Here's the corrected code:

rm(list = ls())

n = 20     # number of points
N = 10000  # simulation rounds
x = 1:n    # x
s = 200    # standard deviation of error

set.seed(12)
e = rnorm(n, 0, s)

a = 5; b = 5  # slope, intercept

y = a * x + b + e

## lm model
mod1 = lm(y ~ x)
summ_mod1 = summary(mod1)

## std errors
coefs = summ_mod1$coefficients[, 1:2]
sigma = summ_mod1$sigma

## predict new data using simulation
new.x = (min(x) - 2 * max(x)):(max(x) + 2 * max(x))

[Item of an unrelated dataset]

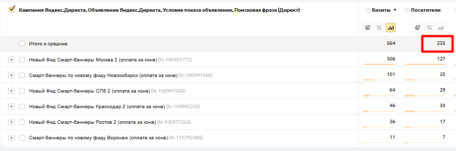 Но, поскольку нам нужно было увеличивать трафик, мы у клиента настроили кампанию типа Смарт-баннер Ретаргетинг.

upper = rep(0, length(new.x))
lower = rep(0, length(new.x))
tmp   = rep(0, N)

for (i in 1:length(new.x)) {
  tmp = rnorm(n = N, mean = coefs[1, 1], sd = coefs[1, 2]) +
        rnorm(n = N, mean = coefs[2, 1], sd = coefs[2, 2]) * new.x[i] +
        rnorm(n = N, mean = 0, sd = sigma)
  
  upper[i] = mean(tmp) + 1.96 * sd(tmp)
  lower[i] = mean(tmp) - 1.96 * sd(tmp)
}

plot(x, y, type = "p", 
     xlim = c(min(new.x), max(new.x)),
     ylim = c(min(lower), max(upper)))
lines(new.x, lower, col = "blue")
lines(new.x, upper, col = "blue")

## R's prediction interval
pred.int =  predict(object = mod1, 
                    newdata = data.frame(x = new.x), 
                    interval = "predict",
                    level = 0.95)

pred.lower = pred.int[,2]
pred.upper = pred.int[,3]

lines(new.x, pred.lower, col = "red")
lines(new.x, pred.upper, col = "red")

## taking the variance-covariance matrix into account
L = chol(vcov(mod1))

for (i in 1:length(new.x)) {
  beta = matrix(c(rnorm(n = N),
                  rnorm(n = N)), 
                nrow = 2)
  
  beta_cor = t(L) %*% beta
  
  tmp = coefs[1, 1] + beta_cor[1, ] +
        (coefs[2, 1] + beta_cor[2, ]) * new.x[i] +
        rnorm(n = N, mean = 0, sd = sigma)
  
  upper[i] = mean(tmp) + 1.96 * sd(tmp)
  lower[i] = mean(tmp) - 1.96 * sd(tmp)
}

lines(new.x, lower, col = "green")
lines(new.x, upper, col = "green")

legend(x = -40, y = 1600, 
       legend = c("sim - without cor", "sim - with co", "predict.lm"),
       lty = c(1, 1, 1),
       col = c("blue", "green", "red"))

enter image description here

It still doesn't perfectly match the R's predict.lm result, but it's very close. In fact, if I change the 1.96 coefficient to something like 2.1, it matches it perfectly. Predict.lm is supposed to be 95% prediction interval, so I'm not sure this is happening.